Ensuite si j'introduis Ivan de la manière dont je veux l'introduire, ça va tout gâcher. Parce que… Parce que le rythme va être perturbé et je suis sûre que, comme moi, vous avez très envie de voir (faire, pour moi) du SpaMano !
Donc en fait je vais essayer d'être plus ou moins réaliste dans la durée du voyage en me renseignant si j'y arrive et… Eh bien on verra ? Souhaitez-moi bonne chance tout le monde ? ^^ Même mentalement ça me va, parce que de toute façon, je suis vraiment motivée !

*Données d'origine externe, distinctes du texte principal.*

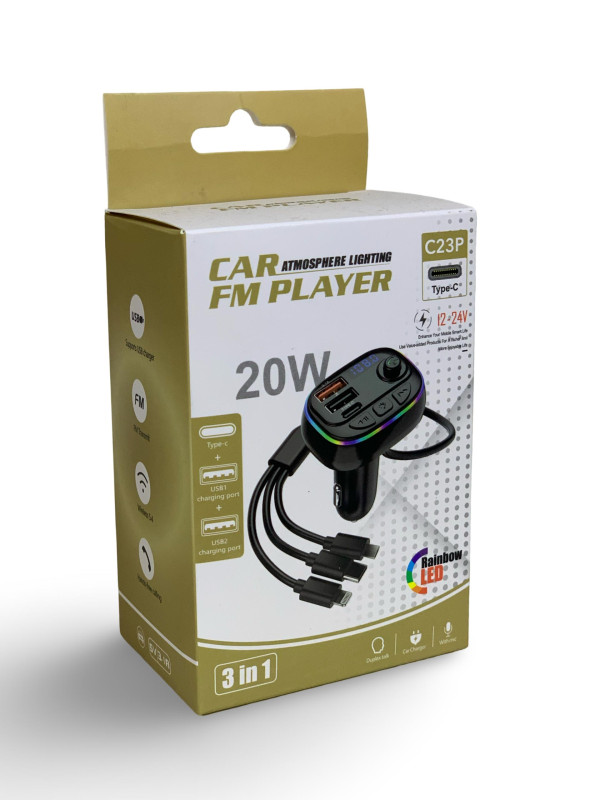 جهاز متعدد الوظائف للسيارة يتيح لك تشغيل الموسيقى والمكالمات عبر راديو FM مع دعم البلوتوث، بالإضافة إلى شحن أجهزتك بسرعة. يتميز بتصميم أنيق مع إضاءة محيطية RGB (Rainbow LED) لإضافة لمسة جمالية داخل السيارة.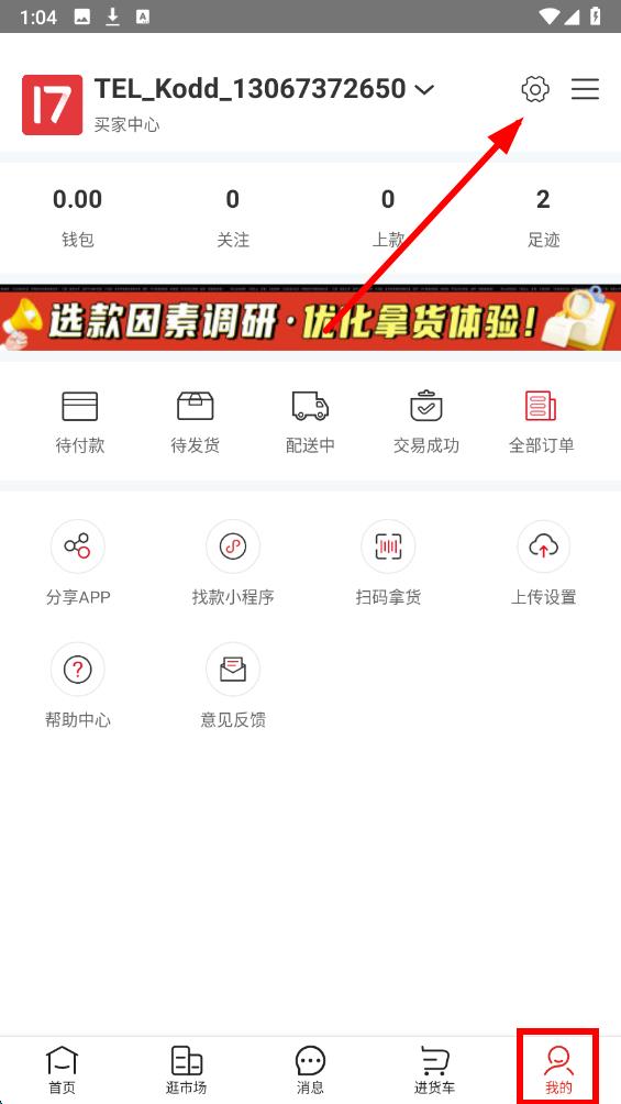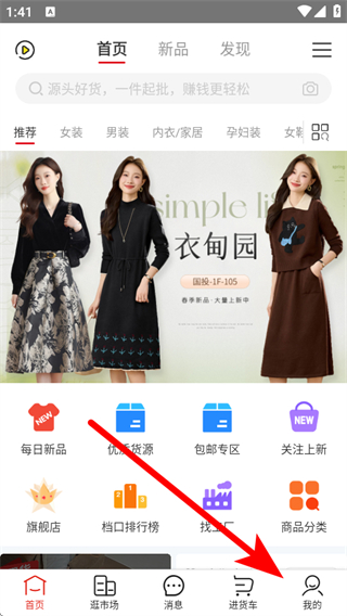 1、打开17货源网APP,点击右下角我的,进入个人页面。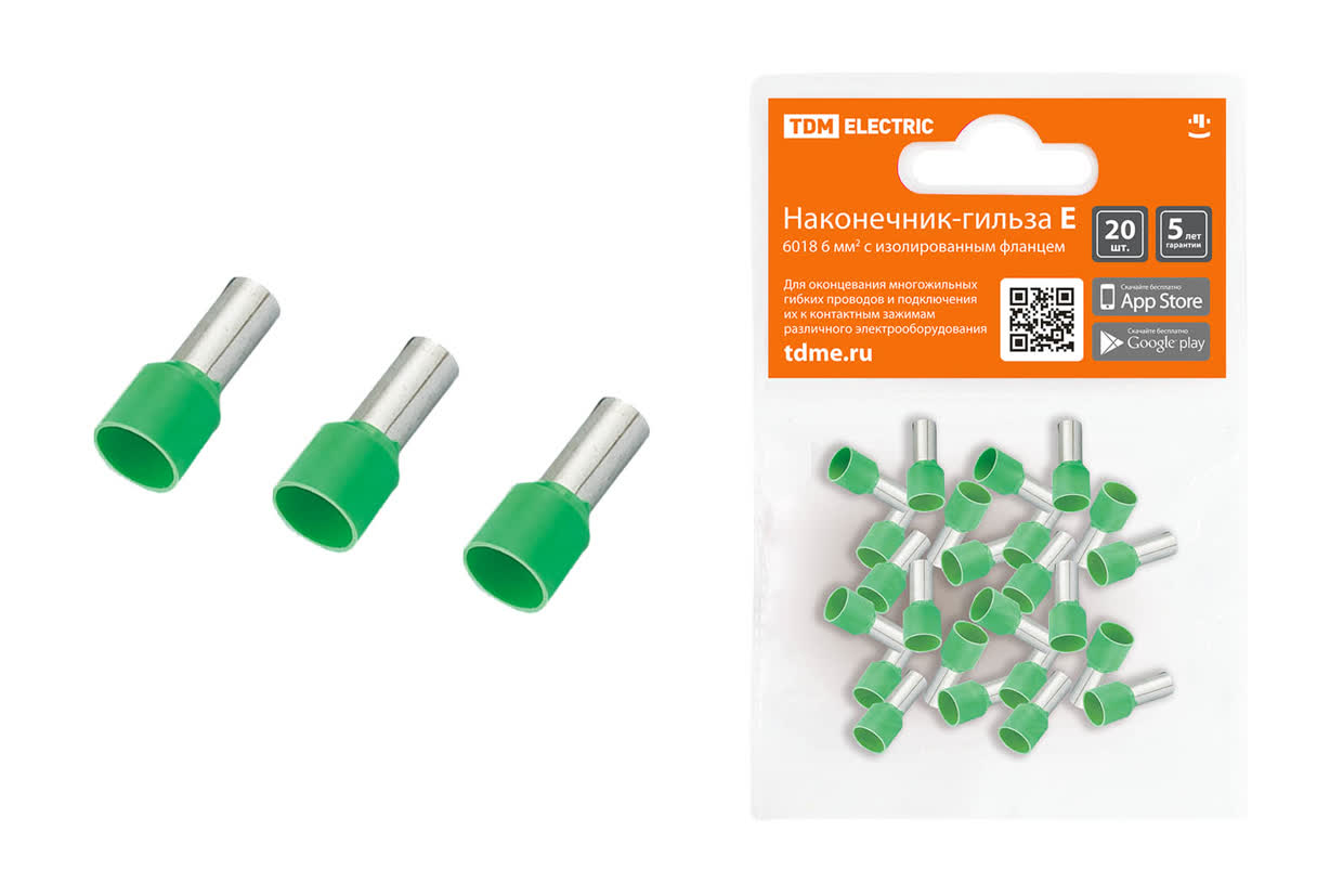 Наконечник-гильза Е6018 6мм2 с изолир. фланцем (20шт) TDM SQ0568-0044 *1/20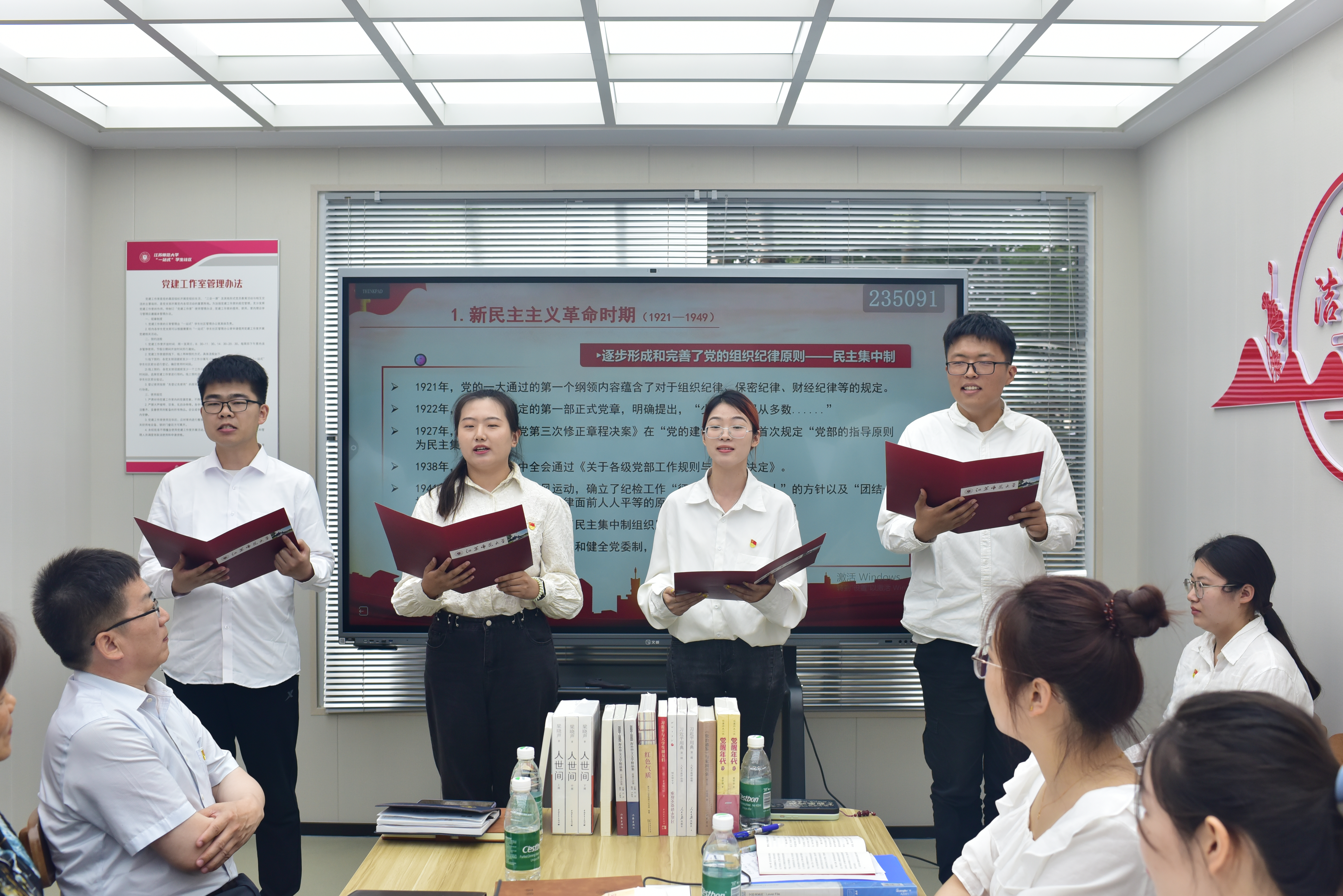 活动最后,学生党员们朗诵了《回眸百年风华路赓续初心绘宏图》,朗诵饱含深情、慷慨激昂,展现师大青年学习的蓬勃朝气与时代担当。
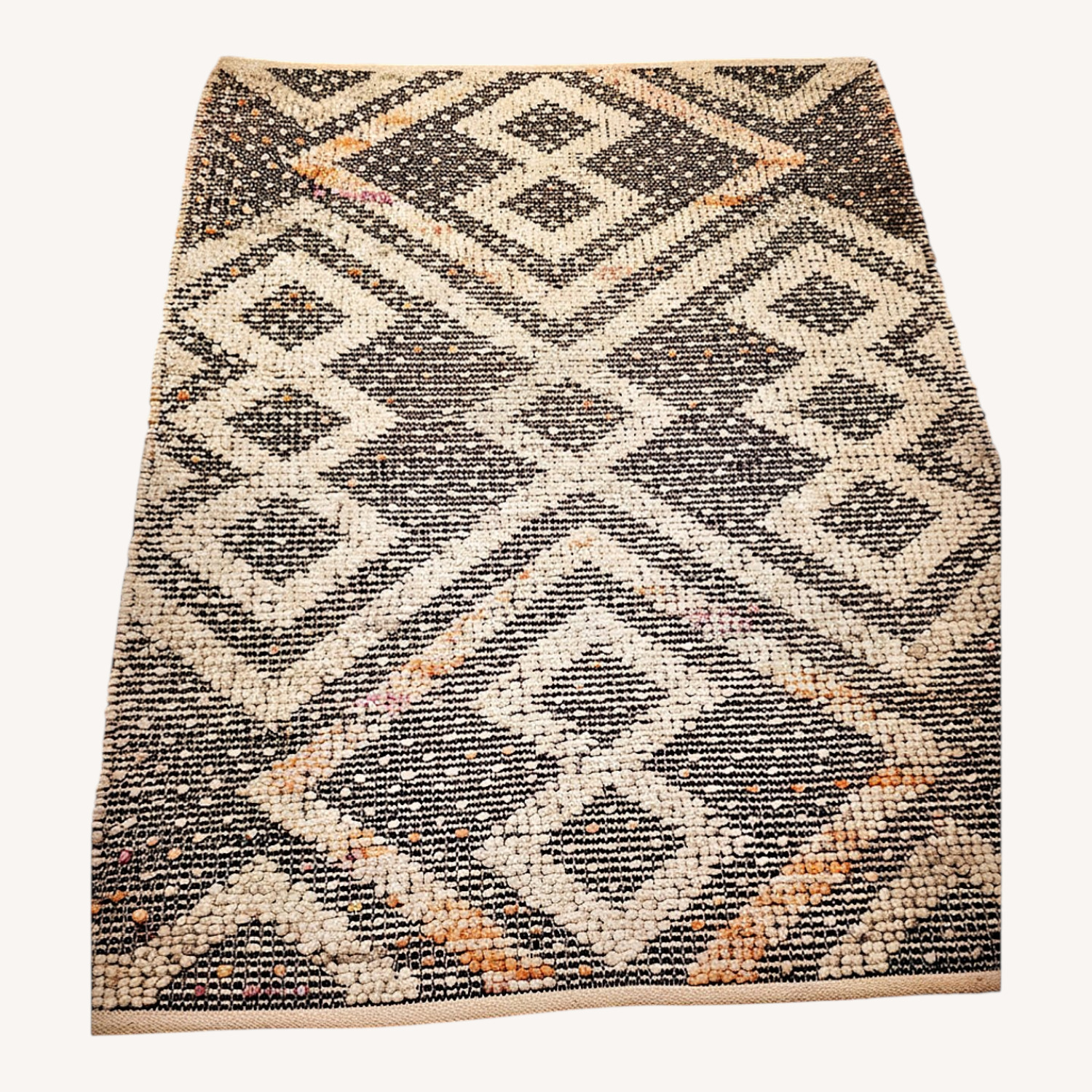 Seller's Notes:Textured accent rug with a distinctly handcrafted feel. It features a geometric design blending cream and black as the primary contrast, with subtle threads of orange and pink woven throughout.

D'ailleurs avant de finir le chapitre, deux choses à dire : Je risque de profiter un peu du rating T parce que même si c'est gentil à cause du manque d'action et de combats, je pense que je n'essayerai pas de me retenir pour les combats. Maintenant je suis nulle pour écrire des scènes de combat donc on verra ce que ça donne. En tout cas si la fanfiction est T juste à cause d'une scène, je ne suis pas sûre d'apprécier alors… *Réfléchit* D'un autre côté, j'peux m'amuser avec Arthur peut-être un peu sadique sur les bords… On verra ^^
Et donc deuxième chose avant de laisser Francis terminer ce chapitre: Ah oui *Avait oublié*, vous avez remarqué comment j'oublie de faire manger mes personnages ? x'D Je sais pas si c'est supposé s'améliorer au bout d'un moment parce que dans la vie courante j'oublie moi-même de manger alors…
Francis : C'est mon tour, je suppose ?
Tori : Hai, hai. Je compte sur toi pour ne pas sortir n'importe quoi alors.
Francis : Bien sûr que non. *Se tourne vers les lecteurs* Je suppose que nous nous reverrons au prochain chapitre pour un chapitre, espérons-le, plus sympathique et moins dramatique. *Regarde Tori* Et j'espère apparaître un peu plus, aussi.